Following a £1 million grant from a Saudi organization, more refugees will be trained as tour guides at Oxford University museums. Over the next five years, Alwaleed Philanthropies will sponsor the Multaka project, which will work with 200 refugees and asylum seekers.

Over the next five years, more than 200 refugees and asylum seekers will be taught as tour guides at two Oxford University museums, as part of the award-winning Multaka initiative, which began in Berlin. Multaka-Oxford has been running since 2017 at the Pitt Rivers Museum and the History of Science Museum and owing to a £1 million contribution from the Saudi foundation Alwaleed Philanthropies, it will continue. The new Oxford program was unveiled this week at a ceremony in Riyadh attended by Saudi princess Lamia bint Majed Saud Al Saud, the foundation's secretary general, and Louise Richardson, vice-chancellor of the University of Oxford. Alwaleed Philanthropies, which is backed by billionaire Saudi businessman Prince Alwaleed Bin Talal, has previously financed Multaka tours and museum renovations at Berlin's Museum of Islamic Art and Paris's Musée du Louvre.

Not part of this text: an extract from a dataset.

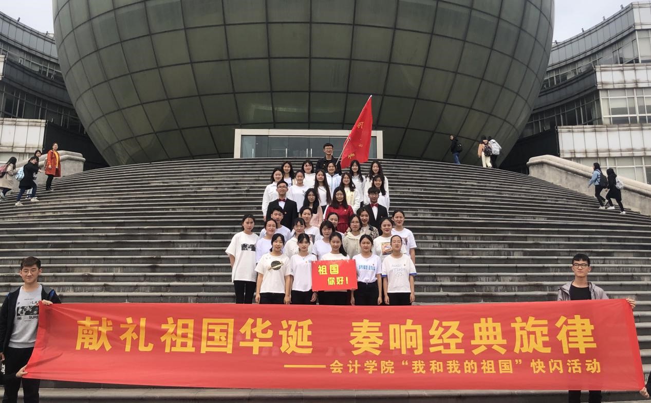 会计学院举办了《我和我的祖国》快闪活动,管理科学与工程学院举办了升国旗、快闪红歌活动。刘云嵩和李鲤同学深情吟唱的《我和我的祖国》拉开了快闪红歌的序幕。一首《光荣啊,中国共青团》点燃了现场气氛。升旗仪式上,大家齐唱国歌行注目礼。随后,优秀共青团员代表林上涵同学主讲微团课,全体学生齐声朗诵诗歌《祖国啊,我亲爱的祖国》。之后,大家右手握拳,一起重温入团誓词,重温入团的庄严时刻。仪式结束后,同学们挥舞着手中的五星红旗,高喊“祖国,你好!”,并纷纷在横幅上写下了自己的姓名和奋斗目标。管理科学与工程学院党总支副书记袁军表示,采用升旗、朗诵、微团课和快闪相结合的形式,突出仪式教育感召作用,组织全体共青团员在庄严肃穆的仪式中接受“沉浸式”精神洗礼,同时融入共青团员喜闻乐见的现代快闪方式,彰显青春活力。

Multaka, which means "meeting point" in Arabic, was founded in 2015 by Berlin State Museums and the Deutsches Historisches Museum with the goal of training Syrian and Iraqi migrants to lead museum tours in Arabic for their peers, thereby improving their skills and fostering a better understanding of Islamic culture. The Oxford museums were inspired by the notion and teamed up with local refugee community organizations to establish their own version of the project. To far, almost 100 volunteer guides from Syria, Egypt, Iraq, Zimbabwe, and Sudan have helped interpret and co-curate collections at the History of Science Museum and Pitt Rivers Museum, with an emphasis on Islamic artifacts. The Esmée Fairbairn Collections Fund, run by the UK Museums Association, provided initial for the project.

The expanded project will enable a new team of volunteers from around Oxfordshire to give museum tours in Arabic and English, object handling sessions, and co-curated exhibitions and events online and in person, according to a news release. In the following years, the organizers will also establish a UK Multaka network to promote the creation of comparable projects at other museums. "This program, by welcoming refugees and assisting them in integrating into the local community via the power of art and culture, strengthens cross-cultural understanding in society," explains Princess Lamia of Alwaleed Philanthropies. "Islamic art conveys a story about our heritage that is frequently misunderstood; the Multaka-Oxford program fills in the gaps and brings museum exhibits to life."